> **Your task**
Starting with the first line below, extract each line through the one that contains "The bike is", inclusive, excluding pictures.

> **Exercise data**
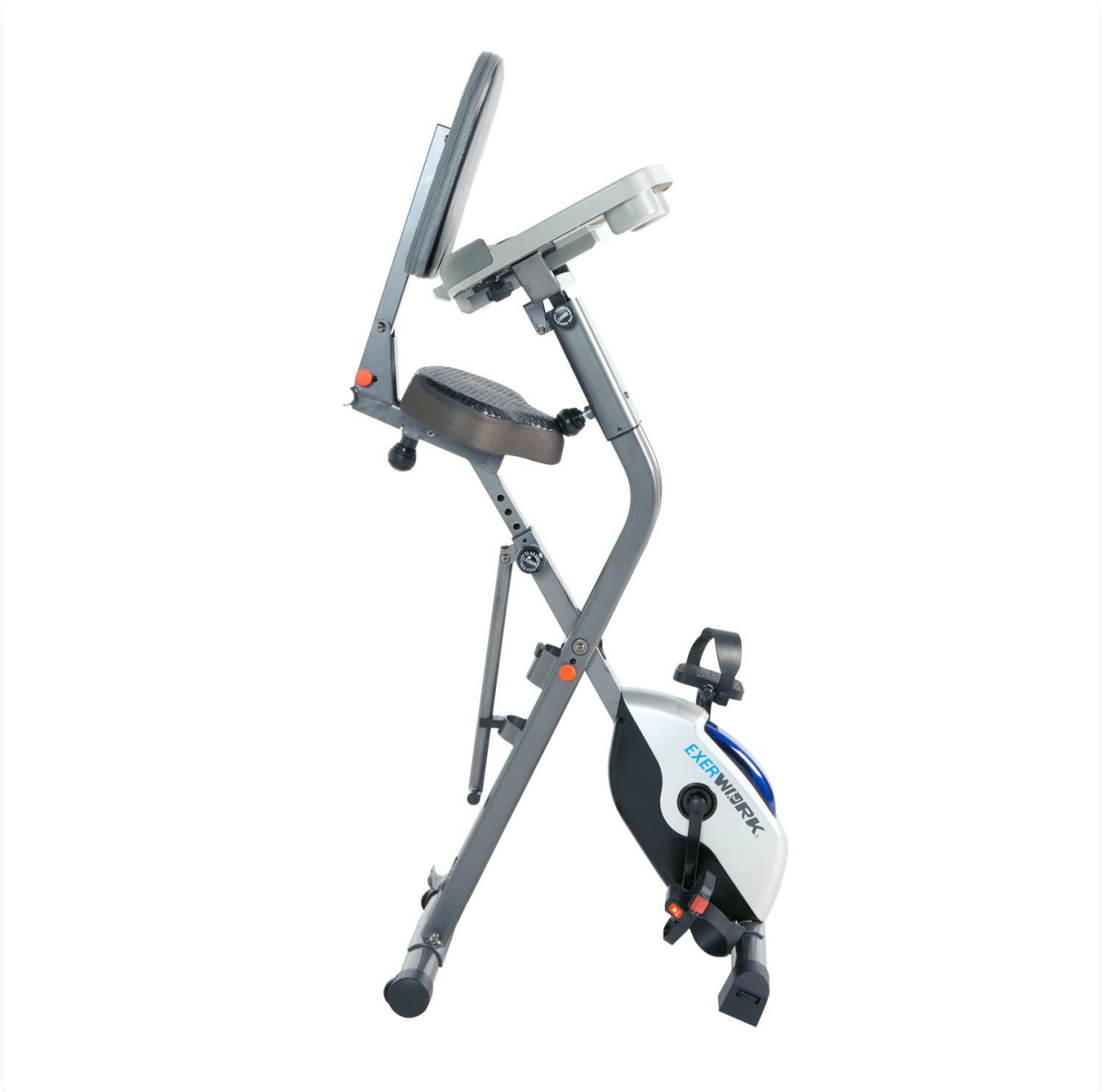
Figure 4: The desk bike in its folded configuration for convenient storage.

The bike is designed for easy folding and can be relocated using the built-in transportation wheels. To fold, follow the instructions in the owner's manual to collapse the frame. Folded dimensions are approximately 30"L x 25"W x 61.5"H.
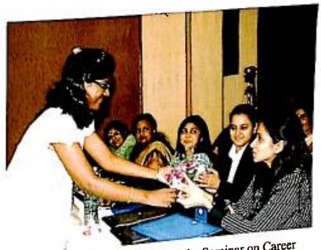
The Judges being felicitated at the Seminar on Career Opportunities- For Commerce Students - 'Looking Beyond the Horizons'
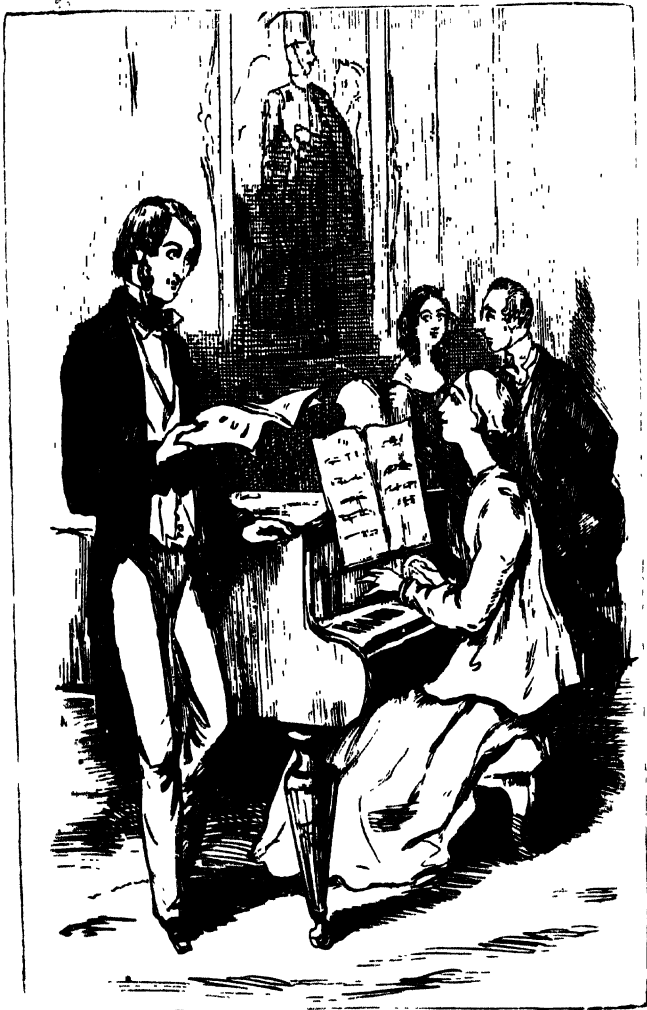
MR. PEN BEGINS TO BE CONSOLED.

> **The completed task**
Figure 4: The desk bike in its folded configuration for convenient storage.

The bike is designed for easy folding and can be relocated using the built-in transportation wheels. To fold, follow the instructions in the owner's manual to collapse the frame. Folded dimensions are approximately 30"L x 25"W x 61.5"H.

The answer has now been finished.